## GIVEN MATERIAL
☆ ☆ ☆ ☆ ☆ ☆ ☆
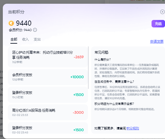 生成一些,365分用完了,就重置45元包月,买了10000分
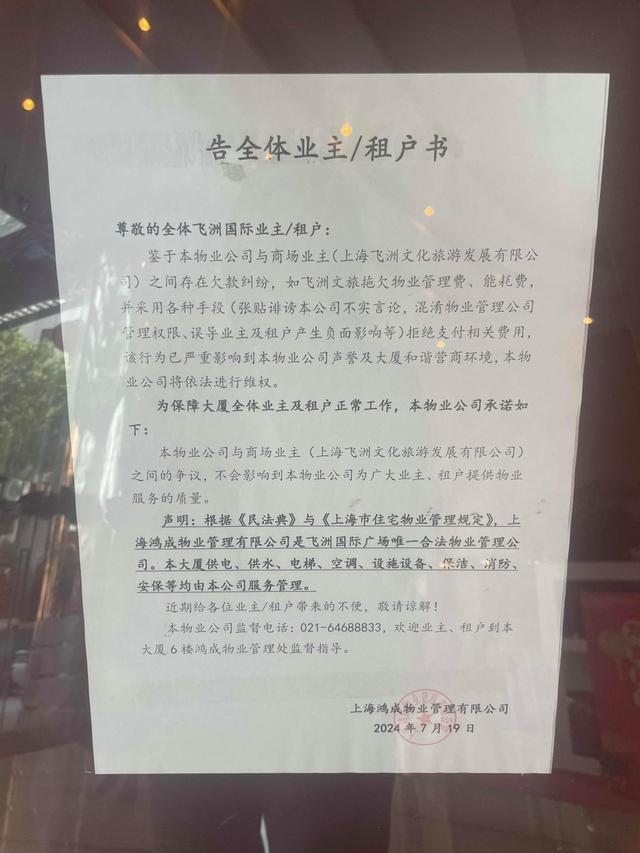值得注意的是,鴻成物業(yè)與飛洲文旅此前已經(jīng)存在經(jīng)濟(jì)糾紛。記者辦公樓下看到,鴻成物業(yè)7月19日發(fā)布了一份“告全體業(yè)主/租戶書”,上面寫著,鴻成物業(yè)與飛洲文旅之間存在欠款糾紛,如飛洲文旅拖欠物業(yè)費(fèi)、能耗費(fèi),并拒絕支付相關(guān)費(fèi)用,鴻成物業(yè)將進(jìn)行依法維權(quán)。
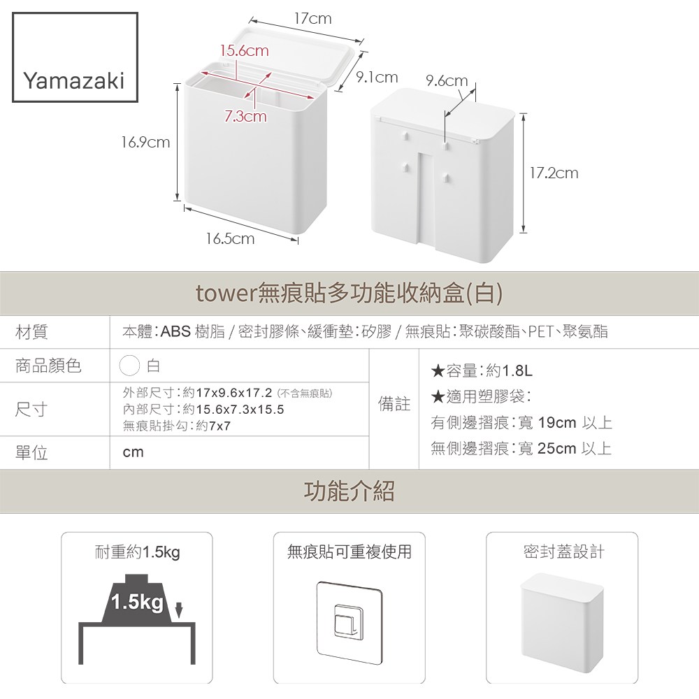 【tower無痕貼多功能收納盒】小空間必備好物!
☆ ☆ ☆ ☆ ☆ ☆ ☆
## EXERCISE DETAILS
Reproduce the data word for word; no pictures.

## TASK ANSWER
 生成一些,365分用完了,就重置45元包月,买了10000分
值得注意的是,鴻成物業(yè)與飛洲文旅此前已經(jīng)存在經(jīng)濟(jì)糾紛。記者辦公樓下看到,鴻成物業(yè)7月19日發(fā)布了一份“告全體業(yè)主/租戶書”,上面寫著,鴻成物業(yè)與飛洲文旅之間存在欠款糾紛,如飛洲文旅拖欠物業(yè)費(fèi)、能耗費(fèi),并拒絕支付相關(guān)費(fèi)用,鴻成物業(yè)將進(jìn)行依法維權(quán)。
 【tower無痕貼多功能收納盒】小空間必備好物!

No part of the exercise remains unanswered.